A recently disclosed server-side request forgery (SSRF) vulnerability affecting Ivanti Connect Secure and Policy Secure products has been subjected to mass exploitation.
The Shadowserver Foundation She said observed exploitation attempts from more than 170 unique IP addresses aiming, among other things, to establish a reverse shell.
The attacks exploit CVE-2024-21893 (CVSS score: 8.2), an SSRF flaw in the SAML component of Ivanti Connect Secure, Policy Secure, and Neurons for ZTA that allows an attacker to access otherwise restricted resources without authentication.
Ivanti had previously disclosed that the vulnerability had been exploited in targeted attacks targeting a “limited number of customers”, but warned that the status quo could change following the public disclosure.
This is exactly what appears to have happened, especially after the release of a proof-of-concept (PoC) exploit by cybersecurity firm Rapid7 last week.
The PoC involves creating an exploit chain that combines CVE-2024-21893 with CVE-2024-21887, a previously fixed command injection flaw, to achieve unauthenticated remote code execution.
It is worth noting here that CVE-2024-21893 is an alias for CVE-2023-36661 (CVSS score: 7.5), an SSRF vulnerability present in the Shibboleth XMLTooling open source library. The issue was resolved by the maintainers in June 2023 with the release of version 3.2.4.
Security researcher Will Dormann further reported other outdated open source components used by Ivanti VPN equipment, such as curl 7.19.7, openssl 1.0.2n-fips, perl 5.6.1, psql 9.6.14, cabextract 0.5, ssh 5.3p1, and unzip 6.00, thus opening the door to further attacks.

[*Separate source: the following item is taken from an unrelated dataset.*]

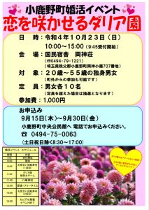本日は小鹿野町で開催される婚活イベント「恋を咲かせるダリア園」

The development comes as threat actors have found a way to bypass Ivanti’s initial mitigation, prompting the Utah-based company to release a second mitigation file. Starting February 1, 2024, it started releasing official patches to fix all vulnerabilities.
Last week, Google-owned Mandiant revealed that multiple threat actors are exploiting CVE-2023-46805 and CVE-2024-21887 to implement a number of tracked custom web shells such as BUSHWALK, CHAINLINE, FRAMESTING, and LIGHTWIRE.
Palo Alto Networks Unit 42 said it observed 28,474 exposed cases of Ivanti Connect Secure and Policy Secure in 145 countries between January 26 and 30, 2024, with 610 compromised cases detected in 44 countries as of January 23, 2024.
The continued exploitation of Ivanti’s flaws also prompted the European Union, together with CERT-EU, ENISA and Europol, to publish a joint notice calling on organizations in the bloc to follow the guidance provided by the vendor to mitigate potential risks.